**ASSIGNMENT**. An image-free reproduction of the data below is needed: print it exactly.

**SUPPLIED MATERIAL**.
/---

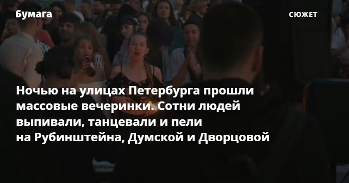 В ночь на субботу на Рубинштейна, Думской и Дворцовой прошли массовые уличные вечеринки. Сотни людей танцевали, пели и выпивали. На Рубинштейна, по словам очевидцев, полиция задержала нескольких человек. Ранее на шум и работу баров жаловались местные жители.
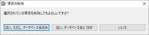 - データベース名のみを削除した場合、そのデータベース名は ZenCC に表示されなくなり、SQL ステートメントを受け入れることができなくなります。ただし、サポートしているメタデータ、データ辞書ファイル(DDF)は、テーブルの作成に使用するデータ ファイルと一緒に残ります。同じ場所にデータベースを再作成する場合は、以前のデータベースのデータ ファイルおよびメタデータを再利用できます。
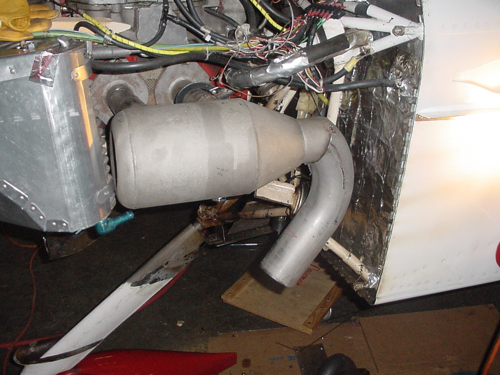 This muffler is best used on an engine with wide front motor mounts and a radiator
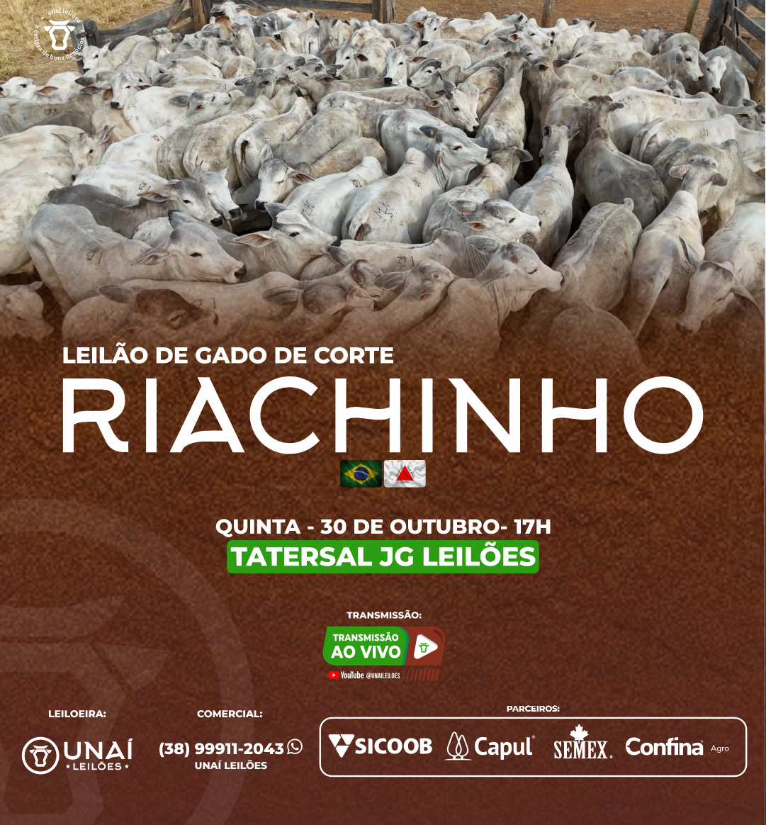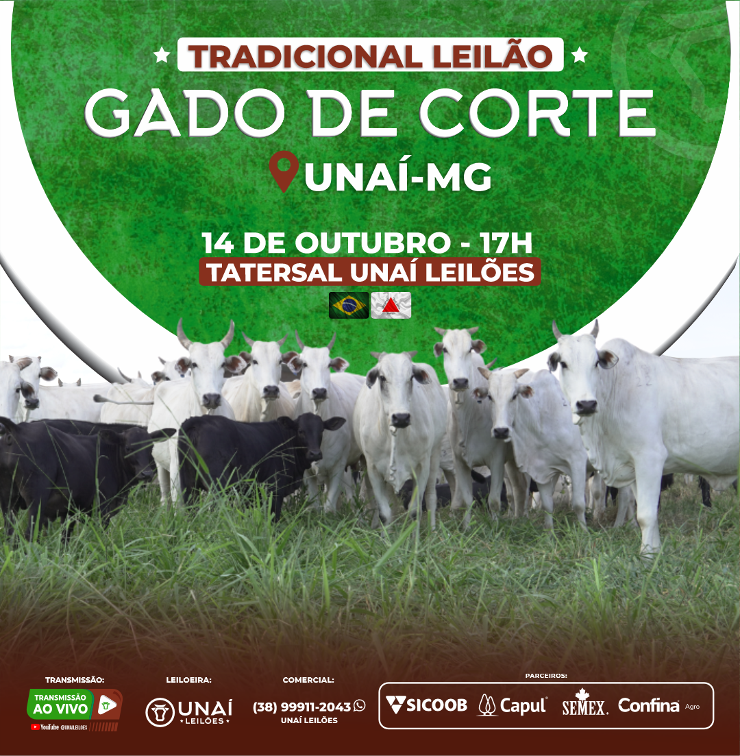 Início: 10/03/2026 às 17:00:00 Fim: 10/03/2026 às 23:00:00 LEILÃO DE GADO DE CORTE DE UNAÍ-MG Ver Lotes

\---

**THE COMPLETED TASK**.
 В ночь на субботу на Рубинштейна, Думской и Дворцовой прошли массовые уличные вечеринки. Сотни людей танцевали, пели и выпивали. На Рубинштейна, по словам очевидцев, полиция задержала нескольких человек. Ранее на шум и работу баров жаловались местные жители.
 - データベース名のみを削除した場合、そのデータベース名は ZenCC に表示されなくなり、SQL ステートメントを受け入れることができなくなります。ただし、サポートしているメタデータ、データ辞書ファイル(DDF)は、テーブルの作成に使用するデータ ファイルと一緒に残ります。同じ場所にデータベースを再作成する場合は、以前のデータベースのデータ ファイルおよびメタデータを再利用できます。
 This muffler is best used on an engine with wide front motor mounts and a radiator
 Início: 10/03/2026 às 17:00:00 Fim: 10/03/2026 às 23:00:00 LEILÃO DE GADO DE CORTE DE UNAÍ-MG Ver Lotes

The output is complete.